Но этот способ его, а главное – пряди волос в запекшейся крови у него на одежде почему-то заставили меня долгое время думать о них и быть рассеянным.
Это волосы – раз.
А два: с пальца у меня кольцо сдернули тоже волосы. В этой рассеянности я как-то машинально поймал коня за гриву. Рука сорвалась, и кольцо сдернуло гривой. В рассеянности я не обратил на это внимания. А теперь я хорошо припоминаю, что именно гривой сдернуло кольцо у меня с большого пальца.
Это волосы – два. Ворон каркнул. Чертовщина неотвязная.
Лезет в голову дурная блажь. Надо плюнуть на эту чушь.
Черт знает какое слюнтяйство! Подумаешь – ну и потерял кольцо, ну и черт с ним!
А все же: почему именно здесь, а не в Китае?
И почему – волосы и опять волосы?
На глухой заимке мы пережидаем вечер. За ночь мы уйдем в сопки, за Олечье, и оттуда начнем свои вылазки.
Заметил я одно обстоятельство: все люди стали вдруг здесь, в России, молчаливее и солиднее. Как-то дисциплинирующе действуют на всех даже эти песчаные холмы, эти редкие, как борода у прокаженного, низкорослые кусты.
Люди с опасливым любопытством присматриваются к чему-то и с глубокой вдумчивостью к чему-то прислушиваются.
Неужели железная сила большевистской воли невидимо реет даже здесь, над пустыней этой?
На заимке – один старик. С ним живут еще трое – его сын и двое чужих. Они пасут овец от Карачаевского совхоза и сейчас угнали их в сопки; каждый день перед вечером кто-нибудь из них приходит к деду «за харчей».
Старик нас очень радушно принимает, считая красноармейцами. Он называет нас «орлы удалые» и ждет не дождется, когда придет кто-нибудь «за харчей», тогда он «распорядится», чтоб пригнали «парочку баранчиков для дорогих гостечков».

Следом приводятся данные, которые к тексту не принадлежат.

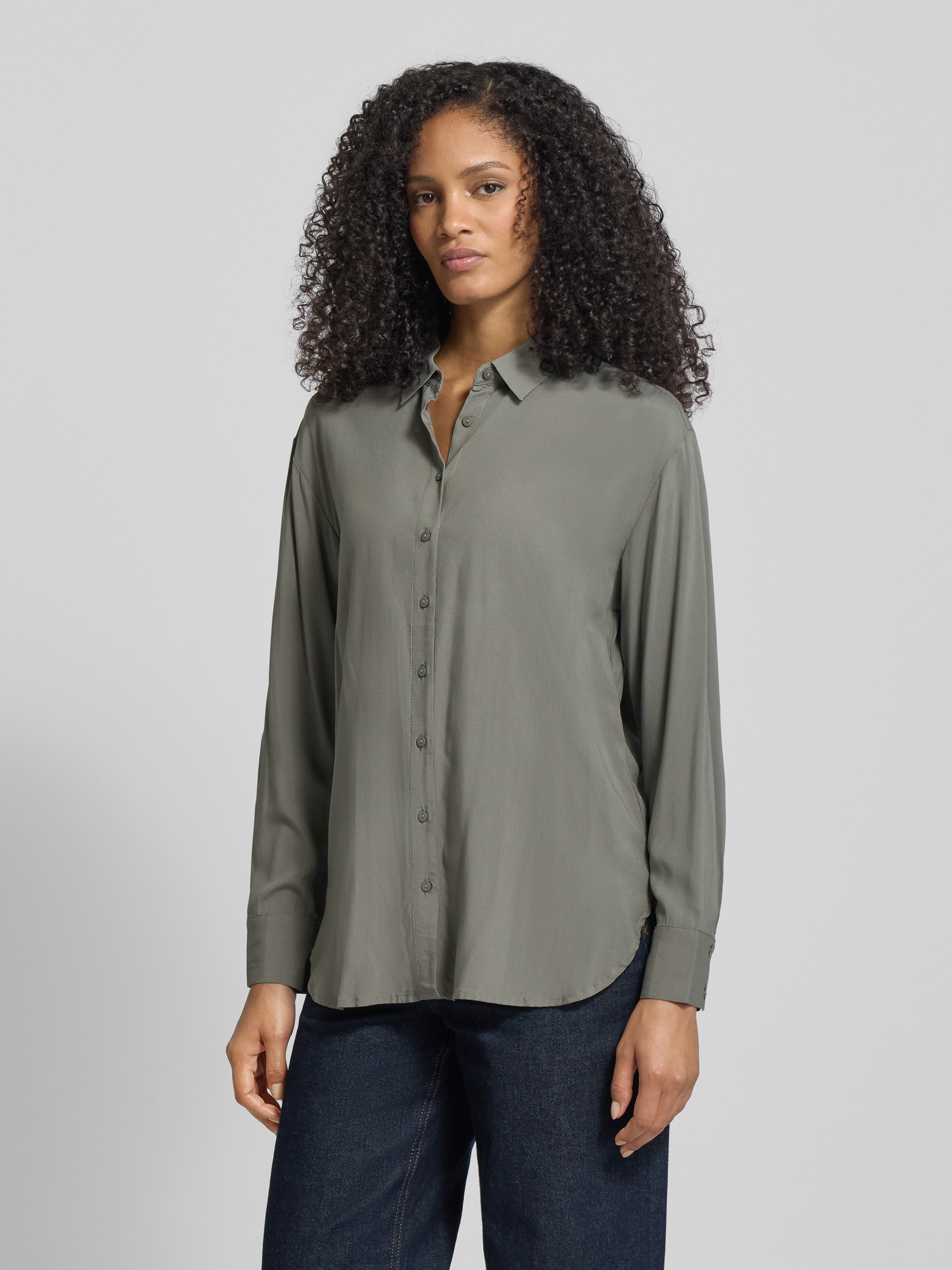 Regular fit overhemdblouse met knoopsluiting in olijfgroen

– Овцы ведь считаны у тебя, папаша, – говорю ему.
Старик изумленно смотрит на меня, ударяет себя по бедрам и укоризненно качает головой.
И уж потом объявляет:
– Поверишь, сынок, грешить не буду: на луку да на воде подчас маемся, но для себя совецким добром гнушать не позволю. А для дорогих гостечков какая болячка подеется с двух баранчиков? Схвастну, схвастну на старости годов. Скажу – упали.
Старик входит в раж.
– Эдь, сынок, – кричит он восторженно, – эдь в кои-то веки довелось в гостях у себя принимать вас, орлы удалые! Эдь в кои веки! Да меня за это и сам Сталин похвалит. Похвалит. Молодец, скажет, Епифан Семеныч, хоть стар, а молодец. Не обесчестил смычку мирного населения.
Дед Епифан донельзя словоохотлив. Он у каждого расспрашивает о семье, о родне, о «губернии». Сторонится только Андрея-Фиалки. О нем он сразу мне сказал: «Эко, темный бор насупился». Может, он уже предчувствует свою судьбу?
А ко мне он то и дело пристает, чтоб я говорил ему о Боге. «Есть Бог или как, сынок?» – твердит он.